Method: Phillips Pinnacle 9.100, (a trial version of Proton planning software), was used to generate and dosimetrically evaluate IMRT, VMAT and IMPT plans. As of August 2016, 41 data‐sets have been analysed, and were considered highly challenging using traditional planning methods. The subjectivity apparent in planning was removed from this study, with data‐set specific plan‐quality metrics. These were designed using Sun Nuclear PlanIQ software and was utilized in plan quality analysis.
Results: The results of this study highlighted apparent dosimetric benefits of Proton Therapy. The analysis observed substantial decreases in OAR dose, while adequately maintaining target coverage in most cases.

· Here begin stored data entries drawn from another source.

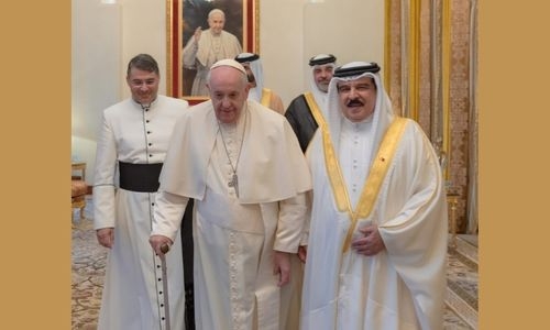 Pope also lauded the vital role of Bahrain in consolidating the culture of dialogue, tolerance and peaceful coexistence, wishing Bahrain further growth and prosperity.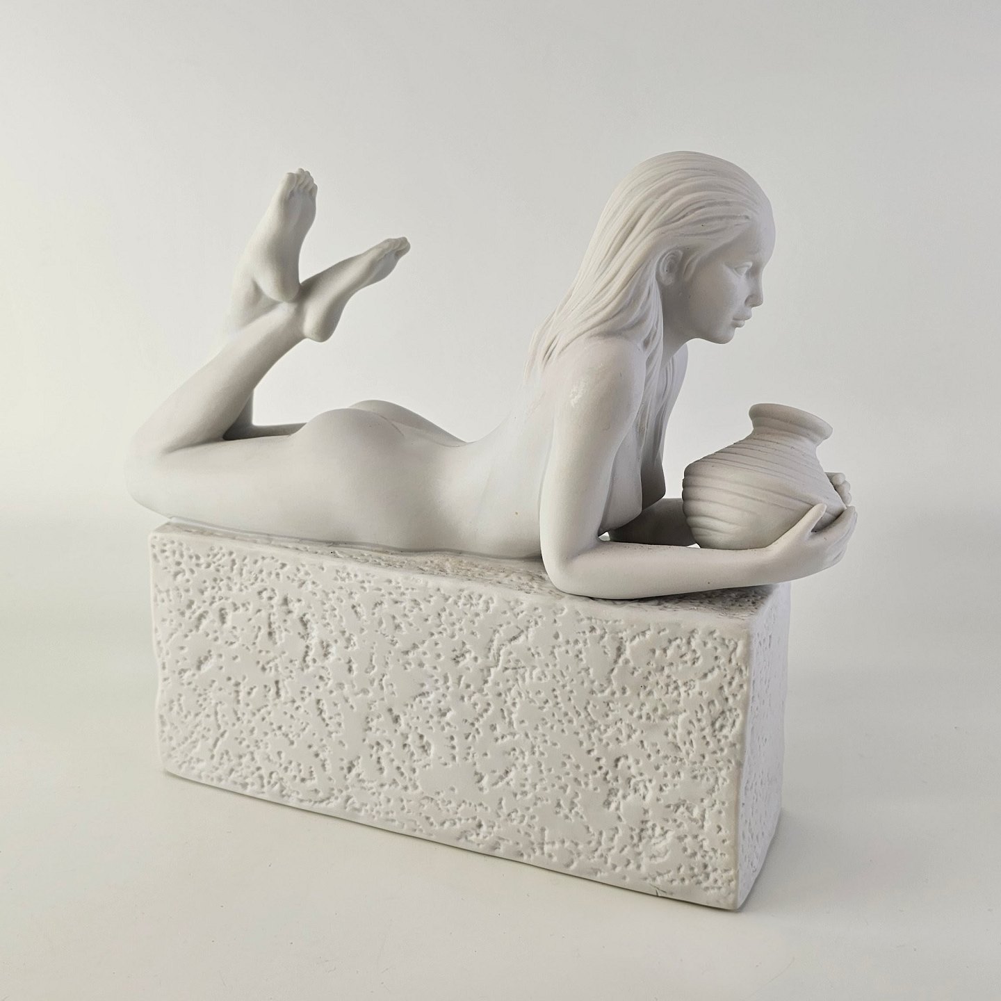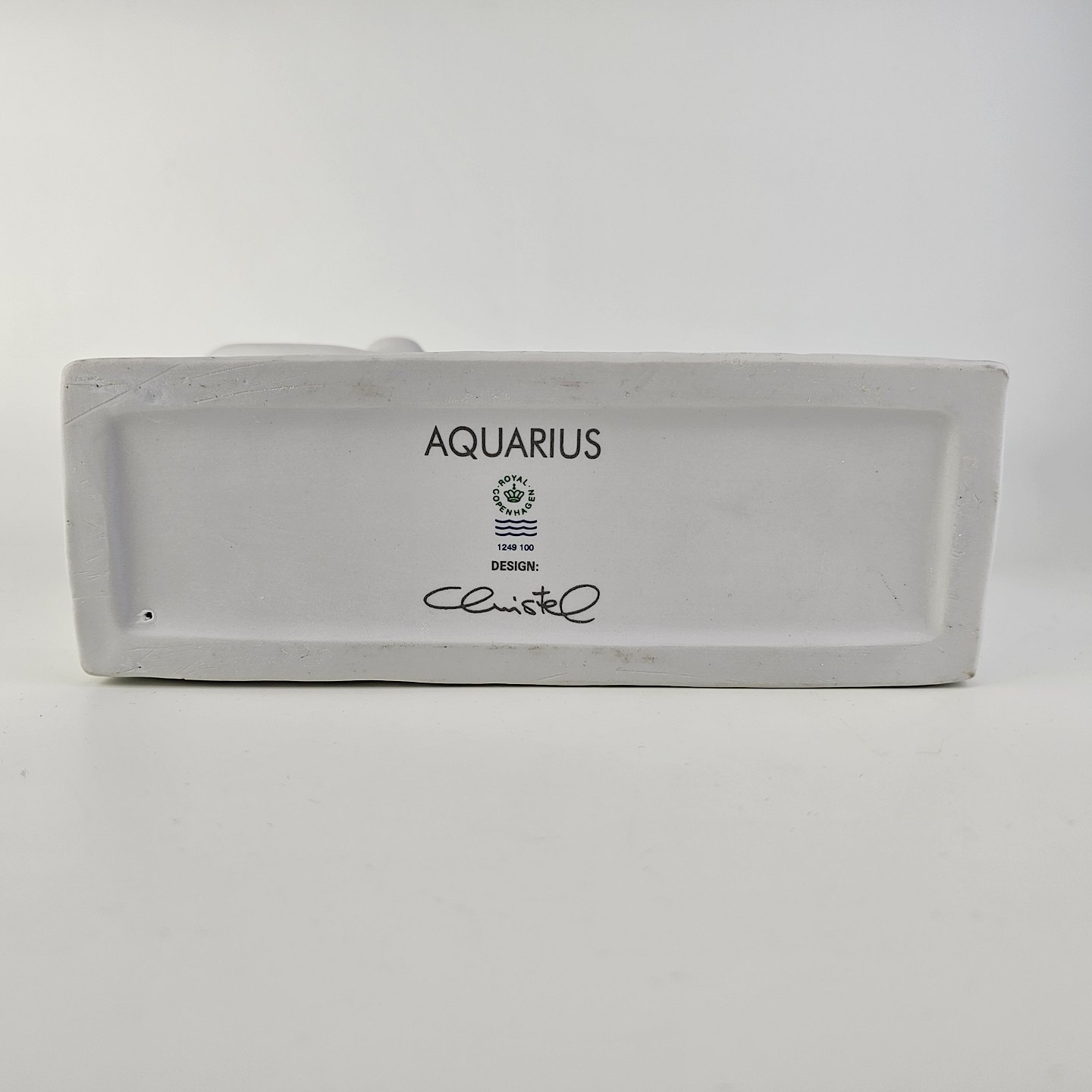 Figur i hvidt kongeligt porcelæn med motiv af stjernetegnet vandbæreren og titlen Aquarius
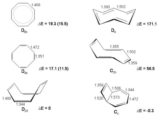 On the left, cyclooctatetraene and , transition states of and symmetry; on the right cyclooctatetraene isomers (crown, chair and bicyclo[4.2.0]octa-2,4,7-triene, , and symmetry, respectively). Structural parameters (Å) and energies (kcal/mol) relative to minimum, reported results [148] (MP2-CASSCF//CASSCF/6-31G* calculations). Experimental energy values (kcal/mol) of the and transition states are given in parentheses [151].

Conclusion: From the results shown in this preliminary analysis, it can be extrapolated that IMPT treatments lead to clinical benefits for patients. Currently, patient recruitment for the study is ongoing, with plan analysis continuing for patients with appropriate disease sites.
References
1. Levin WP, Kooy H, Loeffler JS, DeLaney TF. Proton beam therapy. Br J Cancer 2005; 93: 849–54
2. Mitin T, Zietman AL. Promise and pitfalls of heavy‐particle therapy. J Clin Oncol 2014; 32: 2855–63.